■ Task brief
Everything from the first line of the data below through the line that contains "Se considera como" should be written out exactly, please, and nothing more; the pictures stay out.

■ Listed records
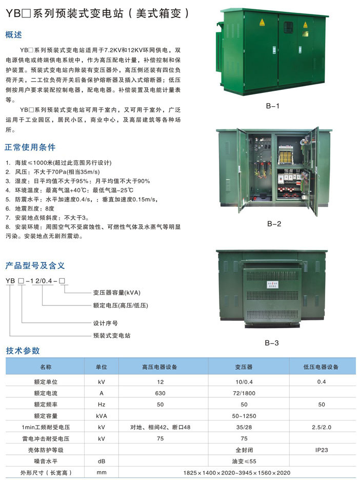 YB紧凑型美式箱变 路灯箱变 隧道箱变
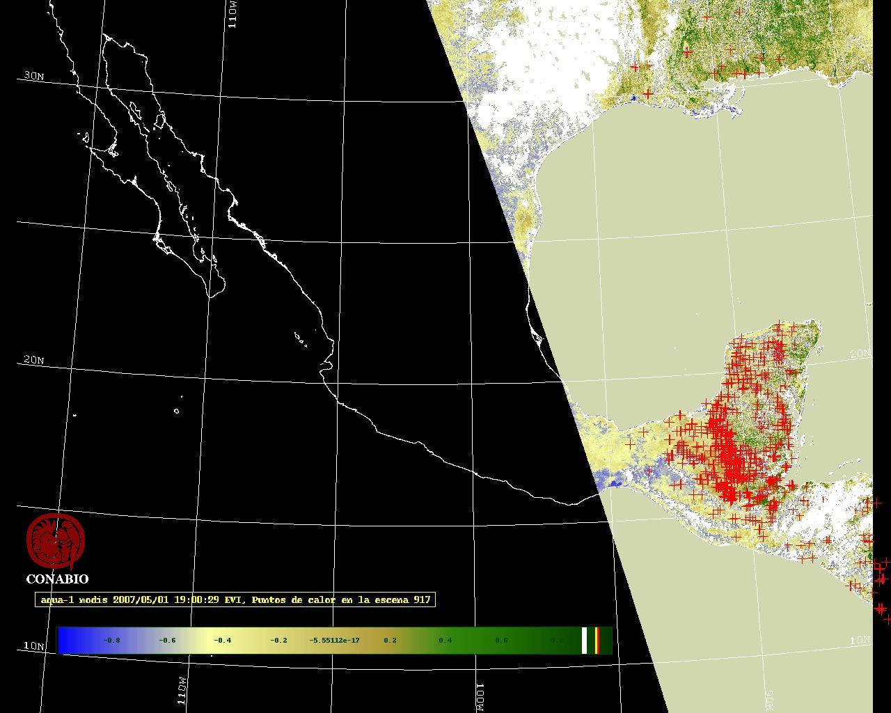 Se considera como punto de calor al elemento espacial mínimo de la imagen (pixel) que reporta una temperatura elevada. Para las imágenes diurnas la temperatura mínima considera es de 42 C y para las imágenes nocturnas es de 25 C. |
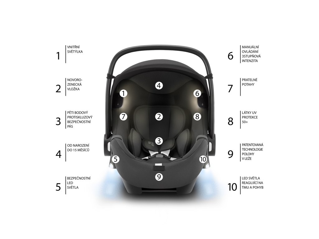 Pak je tady další dvojice světýlek, která má jinou funkci. Teplá, tlumená světýlka uvnitř sedačky vám zajistí, že vždy budete vidět, co vaše miminko zrovna dělá. Světýlka vám v šeru auta pomohou i se snadnějším připoutáním dítěte. Mají nastavitelný automat, kdy se světýlka rozsvítí, vy dítě do sedačky připoutáte a světla po minutě sama zhasnou.
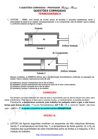 O documento fornece uma série de questões corrigidas sobre termodinâmica, com exemplos variados que tratam de transformações gasosas, máquinas térmicas e princípios de funcionamento de dispositivos térmicos. As correções incluem explicações detalhadas sobre conceitos de pressão, volume e temperatura, além de exemplos práticos aplicados ao cotidiano, como aquecedores e refrigeradores. A 1ª lei da termodinâmica é mencionada frequentemente, enfatizando a relação entre calor, trabalho e variação da energia interna.
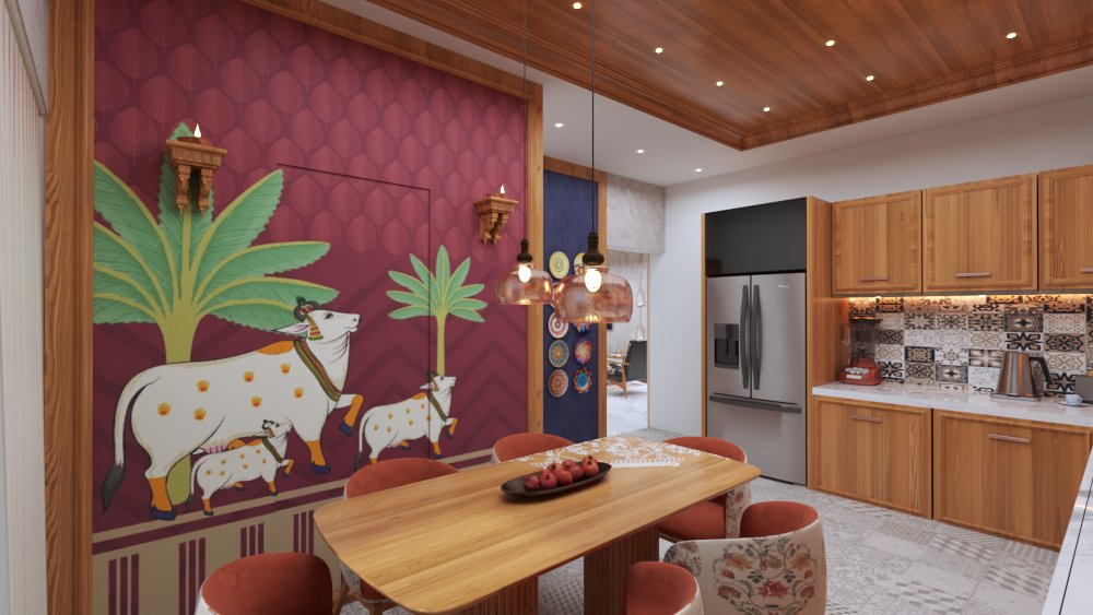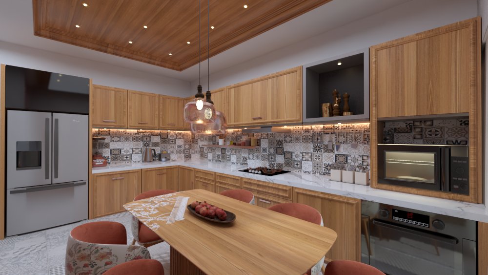 This luxurious residence draws inspiration from traditional South Indian homes, blending heritage with modern sophistication. Rich teak wood features prominently—seen in cabinetry, carved wardrobes, and ceiling details—creating a warm, tactile palette. Handcrafted motifs and curated art reflect cultural depth, while patterned tiles and soft lighting add character. Elegant white marble flooring weaves through the space, offering contrast and refinement. Together, these materials craft a home that feels rooted in tradition yet refined for contemporary living.

■ Response for this exercise
 YB紧凑型美式箱变 路灯箱变 隧道箱变
 Se considera como punto de calor al elemento espacial mínimo de la imagen (pixel) que reporta una temperatura elevada. Para las imágenes diurnas la temperatura mínima considera es de 42 C y para las imágenes nocturnas es de 25 C. |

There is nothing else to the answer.